Lifestyle & Culture
What’s with the suit and tie anyway?

What’s with the suit and tie anyway?

An African on a suit and a tie

I imagine Africa as a woman who decides to celebrate young professionals for their global achievements by inviting them to a lavish dinner party. The doctors tear apart the huge fish on their plates as they talk about their favorite nurses. The lawyers laugh over wine that’s older than their grandparents, who are also lawyers. The engineers pile different delicacies on their plates like they’re trying to build a food castle. Economists wave at physiotherapists as they give orders to the servers. But, we stand at the kitchen entrance answering ridiculous questions on empty stomachs.

Graphic designer: please, the creatives have not eaten anything and everyone else seems to be on their third meal. We’re seated at the last table, just beside the door.

Event planner: creatives? How did you get seats? Did we invite you? I thought we only invited professionals.

Creative writer: (slightly confused) But we are professionals?

Event planner: (eyes both the graphic designer and creative writer) Are you?


If doctors and lawyers are the elegant middle finger, creatives are the sixth finger. The anomaly is usually cut off when it dares to rear up its head. We are the ones our parents forget to introduce. After introducing the financial analyst and the mechanical engineer, it seems quite necessary to mention the apple that strayed completely away from the tree: the content creator, and more often than not, the third child.

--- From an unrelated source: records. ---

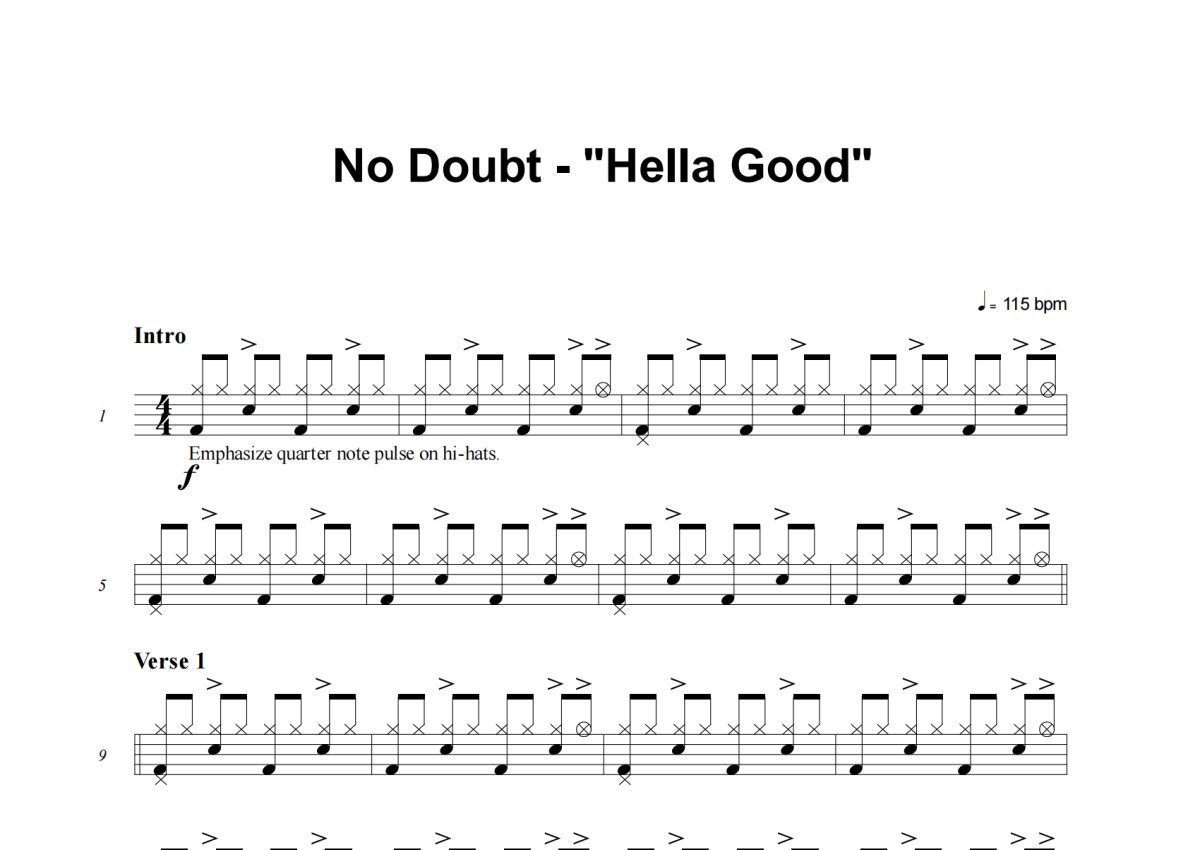 No Doubt《Hella Good》架子鼓谱
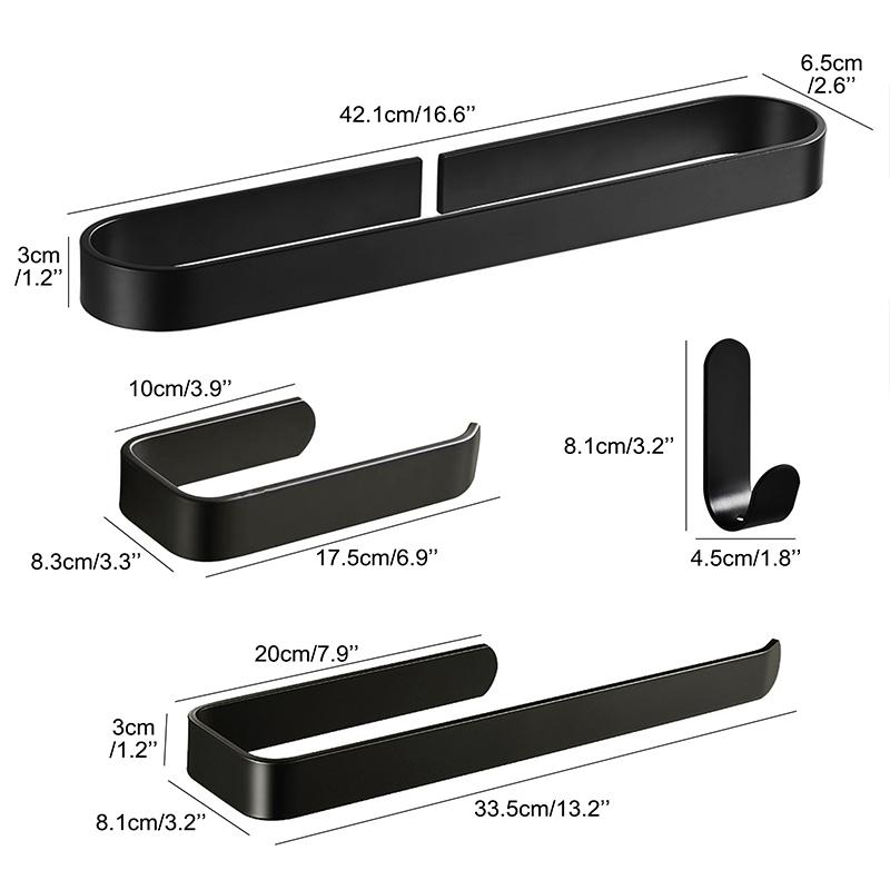 Black Bath Towel Holder Bathroom Towel Rack No Punch Towel Rail Rack Towel Holder Bathroom Storage Shelf EL65BB-1
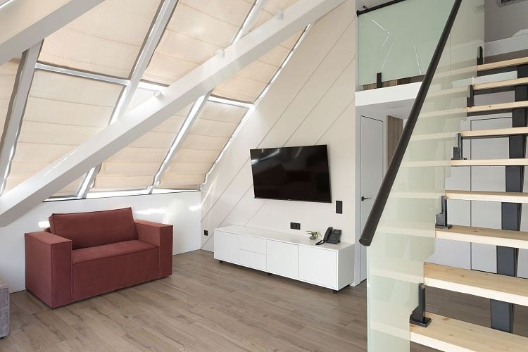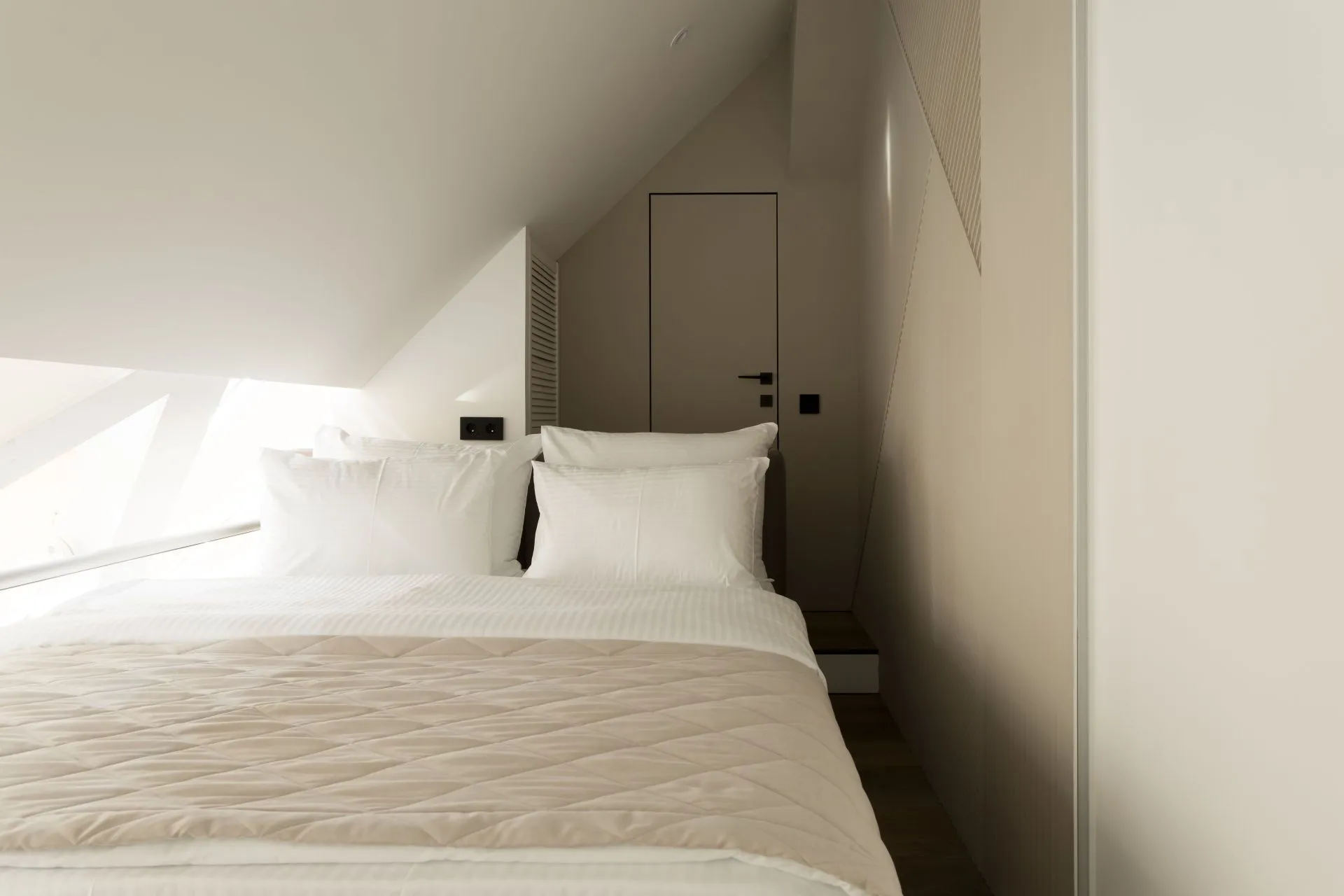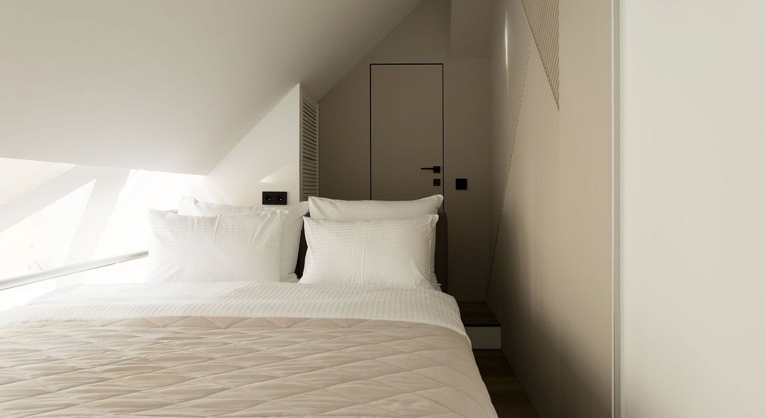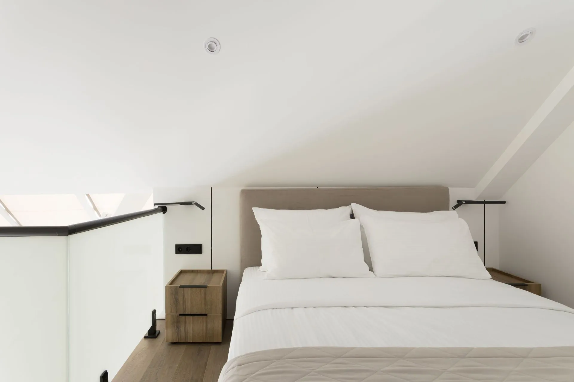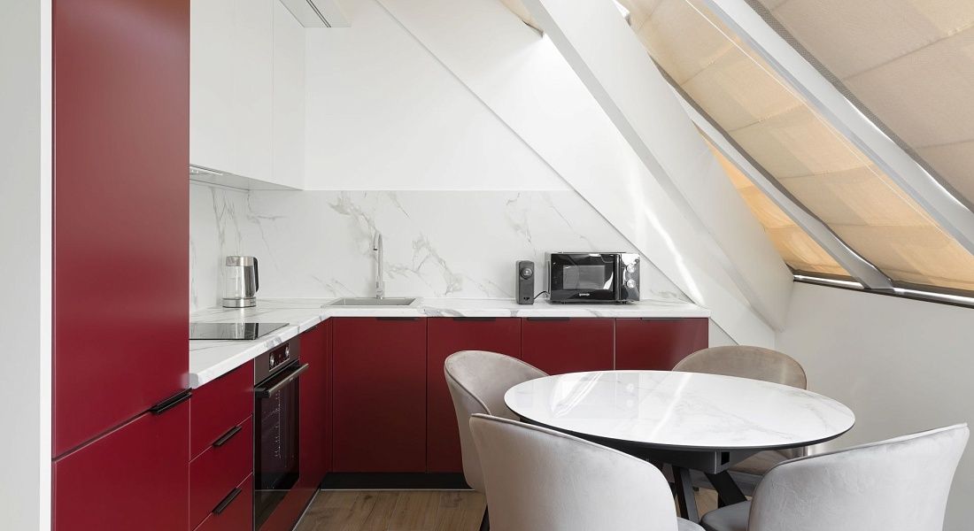 Duplex apartment for 2–3 people with a living room and equipped kitchen, upstairs bedroom, and shower room with washing machine. No balcony. Dormer windows overlook the city.

The other day, I told my mum I was going to spoil her silly when my writing career eventually takes off. But instead of asking me if writing was a career, she gave me a tight smile. Then she asked me to graduate fast so I could start a proper job. By a proper job, she means becoming a civil servant. My Dad and sister also mentioned how they still wish I’d still study law because a certain lawyer said “Law is beautiful”. Perhaps it is, but if we all became choir boys and girls the world would be all monochromatic and no fun. I mean, imagine this world without books, music, advertisements, paintings, poetry, photos, billboards, and comedy. We’d be left with nothing but suits, ties, and dentists’ dry jokes.

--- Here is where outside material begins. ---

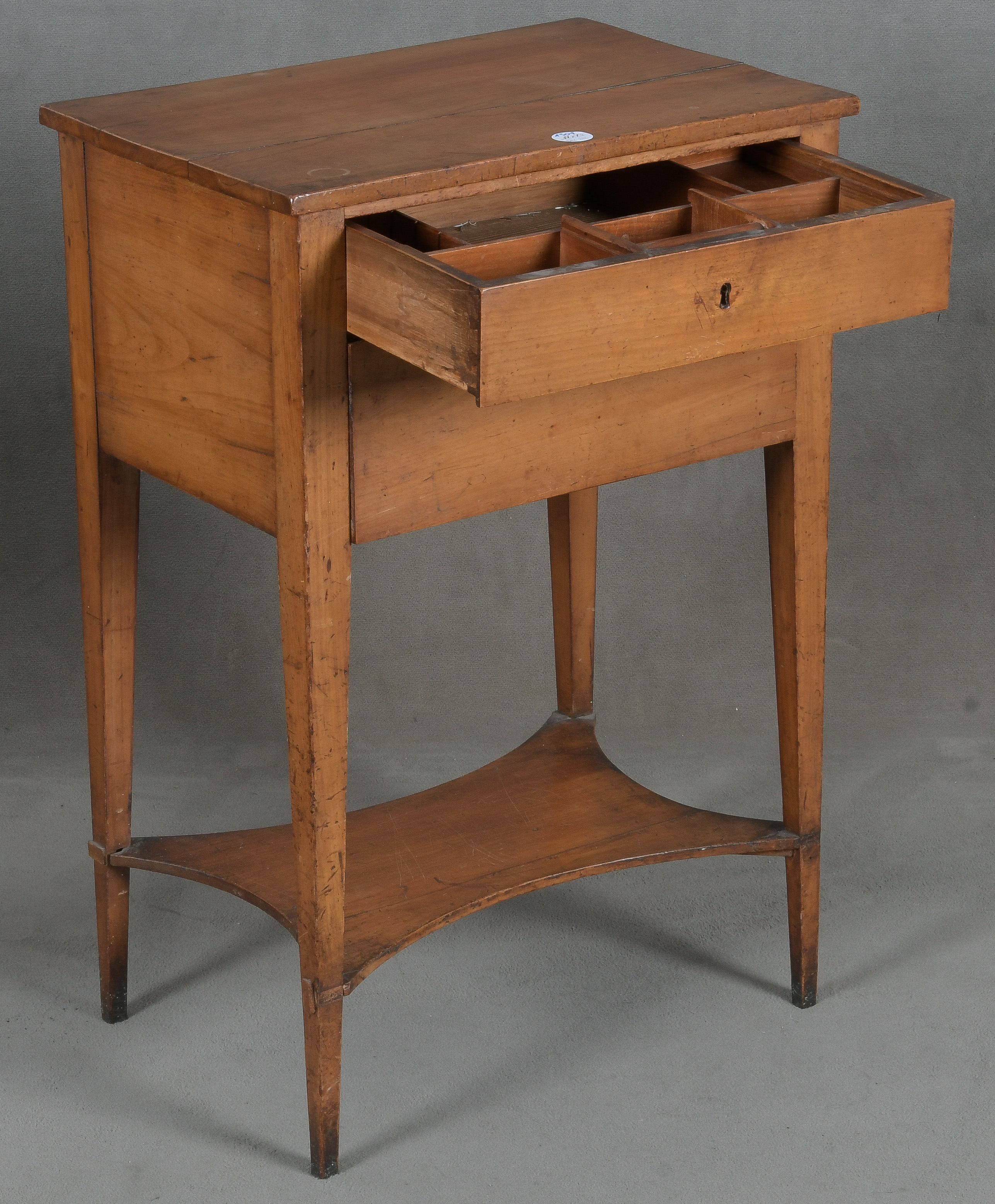 - Katalog-Nr: 1301Biedermeier-Nähtisch. Deutsch 19. Jh. Massiv Kirschbaum; Spitzfüße mit vierseitig eingezogenem Mittelbrett, zweischübiger Tischkasten, der obere Schub mit Inneneinteilung, überstehende, profilierte Platte, H=77,5 cm, B=51,5 cm, T=35,5 cm. (besch.)o.L.

Creatives are professionals because any system or pattern that consistently solves a recurring problem is a profession in its own right. With Africa as the mother of all continents and the birthplace of creativity, our contribution to the global creative industry should tip the scale. But we contribute a meager 2.9% of global creative goods exports. We’re overflowing with creativity but our global impact is so insignificant, it can easily be squashed by some random country. Now I’ve tried to understand the root of this problem and here’s the best explanation I can offer:

WE LIKE SUIT AND TIE A LITTLE TOO MUCH: like a clingy ex, we’re finding it difficult to move on. We keep stalking our ex, and we’re shamelessly begging her to take us back. We are no longer in the age of going to school, graduating, get a good job, and live happily ever after. Now people abandon their university degrees to sell spaghetti on WhatsApp. The world is now a big marketplace and creativity is the major currency.

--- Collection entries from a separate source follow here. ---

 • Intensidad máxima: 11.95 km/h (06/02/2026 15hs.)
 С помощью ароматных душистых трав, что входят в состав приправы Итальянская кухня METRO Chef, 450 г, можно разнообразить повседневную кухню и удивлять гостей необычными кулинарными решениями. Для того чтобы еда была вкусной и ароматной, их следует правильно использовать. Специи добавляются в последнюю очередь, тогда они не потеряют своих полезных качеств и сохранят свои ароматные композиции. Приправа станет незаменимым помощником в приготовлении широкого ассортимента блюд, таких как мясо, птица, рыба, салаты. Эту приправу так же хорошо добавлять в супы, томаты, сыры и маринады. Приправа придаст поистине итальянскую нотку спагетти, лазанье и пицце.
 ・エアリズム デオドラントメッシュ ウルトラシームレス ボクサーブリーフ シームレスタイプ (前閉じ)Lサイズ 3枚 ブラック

We’re still not comfortable with this new reality and our reluctance to embrace change is slowing us down. Traditional professions will always be relevant, but we now have options, better options. It shouldn’t be heard that parents still force their children to study law in a world where entertainment industries are full of lawyers who have never stepped into a courtroom. We’re in the age of remote work, vintage shirts, Ankara shorts, portable laptops, expensive iPhones, unconventional career paths, food deliveries, personal branding online dating, e-fliers, content creation, skits, influencing, newsletters, entrepreneurs, young millionaires, career-oriented teenagers, and bone straight wigs. Now we have full-time jobs but we stay home all day. We attend professional events wearing clothes that make our parents turn up their noses in displeasure, “Why are you not wearing a suit and a tie? Is it not a professional event?”

But of course, we can do better: Two simple ways to promote creativity and creatives in Africa

Pay us well and allow us to do our work in peace: Certain ideas should have gone extinct with the dinosaurs, so resist the urge to share them with us. Your sole responsibility as our client or employer is to pay us well. Your ideas should be on how you can pay us more money not on how you want to run a PR campaign and 80% of your plan is advertising on NTA and distributing handbills. Once again, leave the methods to us. Focus on paying us and expecting amazing results. Whether you’re an employer, a parent, or one of the random individuals who say things like “Is it not just to write?”, you can do better by not judging what you do not understand. I’d have you know that I spent over six hours on this article. I’ve also written longer articles in less than 30 minutes. When they say man proposes, God disposes; they mean a creative proposes, and creativity sometimes opposes. What we do is brain work that requires silly things like taking a walk, journaling, watching movies, reading books, and speaking to people just to get inspired. It all sounds silly but it is what it is. And fortunately for us, we’re the new crude oil. So pay us well and let us help you shine.

Be proud of us: in counting the numerous resources we’re blessed with in Africa, we must count creativity twice. Although every profession requires creativity and everyone expresses creativity in their own unique way, we are the custodians of creativity. Our livelihood is directly tied to our creativity. Therefore, we constantly have to go out of our way to create and produce results. And we’ve produced an impressive number of mind-blowing results. We’re out here keeping the world on its toes with our music, our books, our brilliant campaigns, and our ability to shine through all the difficulty that comes with being creative. We are creating a place for Africa in the global creative industry, one masterpiece at a time. We’re not wearing a suit and a tie, but our books are read in universities around the world, our artists are winning global awards, our photographers are exhibiting their works in international galleries, and our strategists are the brain behind some of these campaigns that make you go “damn! This is creative.” We’re making you proud, and you should be proud. You should be proud of us.